NOTE: while all submissions will be evaluated, only submissions that make use of spatiotemporal context (STC) will be included in the rankings.

Full description:
The Urban Sound Tagging challenge is a task of multilabel classification. To evaluate and rank participants, we ask them to submit a CSV file following a similar layout as the publicly available CSV file of the development set: in it, each row should represent a different ten-second snippet, and each column should represent an urban sound tag.

The area under the precision-recall curve (AUPRC) is the classification metric that we employ to rank participants. To compute this curve, we threshold the confidence of every tag in every snippet by some fixed threshold \(\tau\), thus resulting in a one-hot encoding of predicted tags. Then, we count the total number of true positives (TP), false positives (FP), and false negatives (FN) between prediction and consensus ground truth over the entire evaluation dataset.

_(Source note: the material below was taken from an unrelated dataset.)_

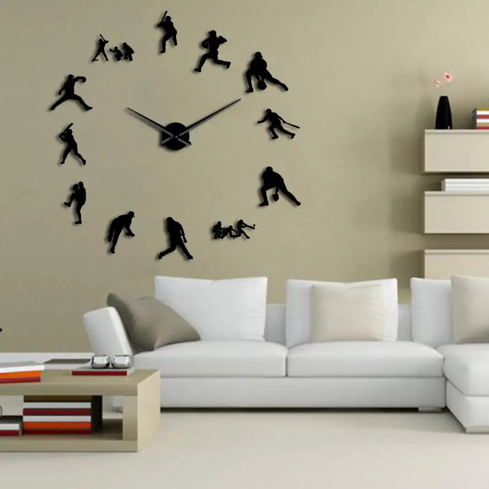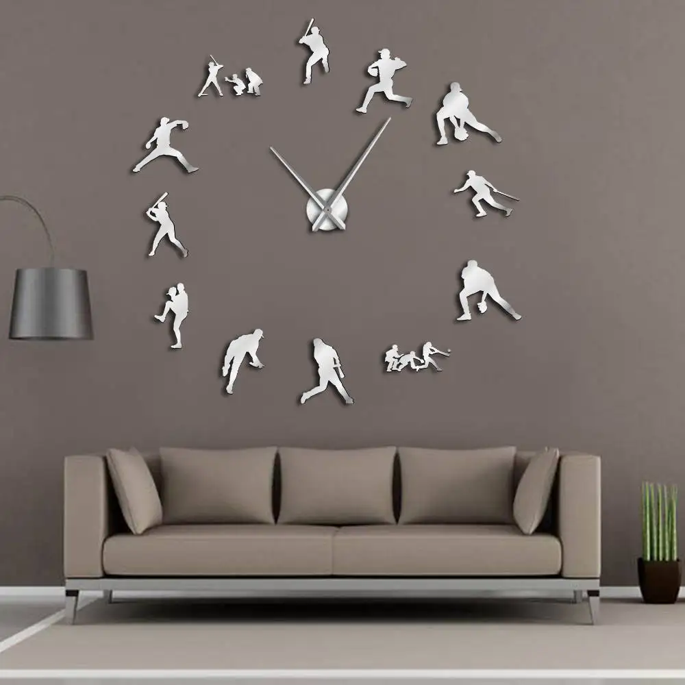 Comprar Relógio de Parede decorativo Moderno Baseball 3D Frameless DIY Relógio Gigante Relógio Espelho Efeito Softball Arte Da Parede Sala de estar Decoração Da Parede Baratas Online Preço.

The Urban Sound Tagging challenge provides two leaderboards of participants, according to two distinct metric: fine-grained AUPRC and coarse-grained AUPRC. In each of the two levels of granularity, we vary \(\tau\) between 0 and 1 and compute TP, FP, and FN for each coarse category. Then, we compute micro-averaged precision \(P = \text{TP} / (\text{TP} + \text{FP})\) and recall \(R = \text{TP} / (\text{TP} + \text{TN})\), giving an equal importance to every sample. We repeat the same operation for all values of \(\tau\) in the interval \([0, 1]\) that result in different values of P and R. Lastly, we use the trapezoidal rule to estimate the AUPRC.

The computations can be summarized by the following expressions defined for each coarse category, where \(t_0\) and \(y_0\) correspond to the presence of an incomplete tag in the ground truth and prediction (respectively), and \(t_k\) and \(y_k\) (for \(k \in \{1, \ldots, K\}\)) correspond to the presence of fine tag \(k\) in the ground truth and prediction (respectively).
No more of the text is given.